Computer storage media may include volatile and non-volatile media,
as well as removable and non-removable media implemented in any
method or technology. The computer storage media may provide for
storage of various information required to operate computing device
300, such as one or more sets of computer-readable instructions
associated with an operating system, application programs, and
other program modules, and data structures, and the like. Memory
304 and storage 310 are each examples of computer storage media.
Computer storage media may include, but is not limited to, RAM,
ROM, EEPROM, flash memory or other memory technology, CD-ROM,
digital versatile disks (DVD) or other optical disk storage,
magnetic cassettes, magnetic tape, magnetic disk storage, and/or
other magnetic storage devices, or any other medium which can be
used to store the desired information and which can be accessed by
computing device 300. Any such computer storage media can be part
of (e.g., integral with) and/or separate to, yet selectively
accessible to, computing device 300.
[0032] As exemplified in FIG. 3, computing device 300 may include a
communications interface(s) 312 that may allow computing device 300
to operate in a networked environment and communicate with a remote
computing device(s), such as remote computing device(s). Remote
computing device can be a PC, a server, a router, a peer device,
and/or other common network node, and may include many or all of
the elements described herein relative to computing device 300.
Communication between one or more computing devices may take place
over a network, which provides a logical connection(s) between the
computing devices. The logical connection(s) can include one or
more different types of networks including, but not limited to, a
local area network(s) and wide area network(s).
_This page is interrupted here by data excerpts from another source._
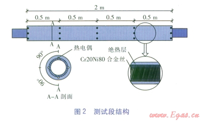 測試段為有效加熱長度為2m的半硬態(tài)水平光滑銅管(見圖2),內(nèi)直徑為4mm,外直徑為6mm,在測試段進(jìn)口、出口分別安裝壓力、溫度傳感器。在測試段每隔0.5m安裝熱電偶,以測量銅管外壁溫度,熱電偶用絕緣膠布固定在銅管外壁。電加熱絲采用直徑為045mm的Cr20Ni80合金絲,總電阻為82.5Ω,用于模擬蒸發(fā)器負(fù)荷。最外層設(shè)置絕熱層,起到固定和絕熱作用。電加熱絲與調(diào)壓器相連接,通過調(diào)節(jié)直流電壓來調(diào)節(jié)電加熱功率,改變測試段熱流密度。測試段熱流密度q的計(jì)算式為: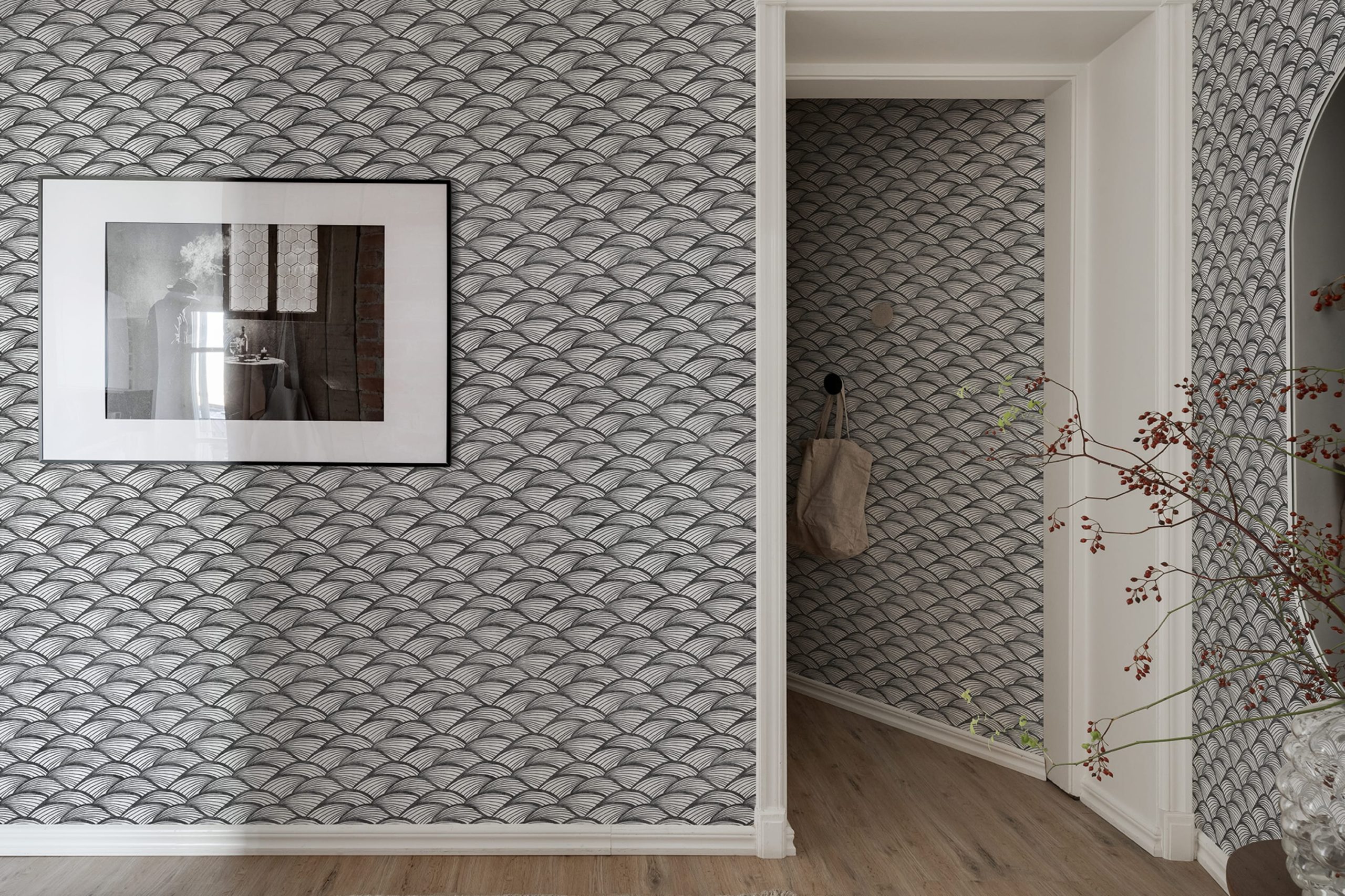 Design ondulat artistic cu patină. Fiecare linie este pictată manual si are o suprafață uzată de timp. Culoarea Graphite atrage ochiul printr-un contrast ridicat și un model calmant. Un tapet pentru rebelii încrezători care își revendică spațiul.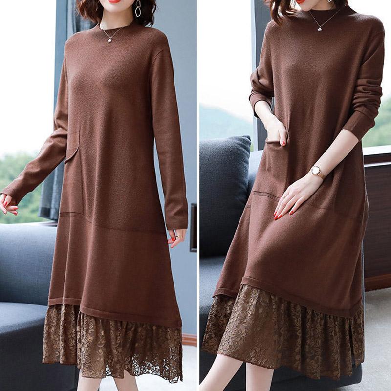 Платье женское осенне-зимнее кружевное удобное эластичное платье-свитер средней длины трикотажные платья с длинными рукавами

[0033] Such networking environments are commonplace in conventional
offices, enterprise-wide computer networks, intranets and the
Internet. It will be appreciated that the communications
connection(s) and related network (s) described herein are
exemplary and other means of establishing communication between the
computing devices can be used.
[0034] As exemplified in FIG. 3, communications connection and
related network(s) are an example of communication media.
Communication media typically embodies computer-readable
instructions, data structures, program modules, and/or other data
in a modulated data signal, and/or any other tangible transport
mechanism and may include any information delivery media. The term
"modulated data signal" means a signal that has one or more of its
characteristics set or changed in such a manner as to encode
information in the signal. By way of example, but not limitation,
communication media includes wired media such as a wired network or
direct-wired connection, and wireless media such as acoustic,
radio-frequency (RF), infrared and other wireless media. The term
"computer readable media," as used herein, may include storage
media and/or communication media.
[0035] As exemplified in FIG. 3, computing device 300 may include
an input device(s) 314 and an output device(s) 316. Input device
314 may include a keyboard, mouse, pen, touch input device, audio
input devices, and cameras, and/or other input mechanisms and/or
combinations thereof. A user may enter commands and various types
of information into computing device 300 using one or more of input
device(s) 314. Exemplary audio input devices (not illustrated)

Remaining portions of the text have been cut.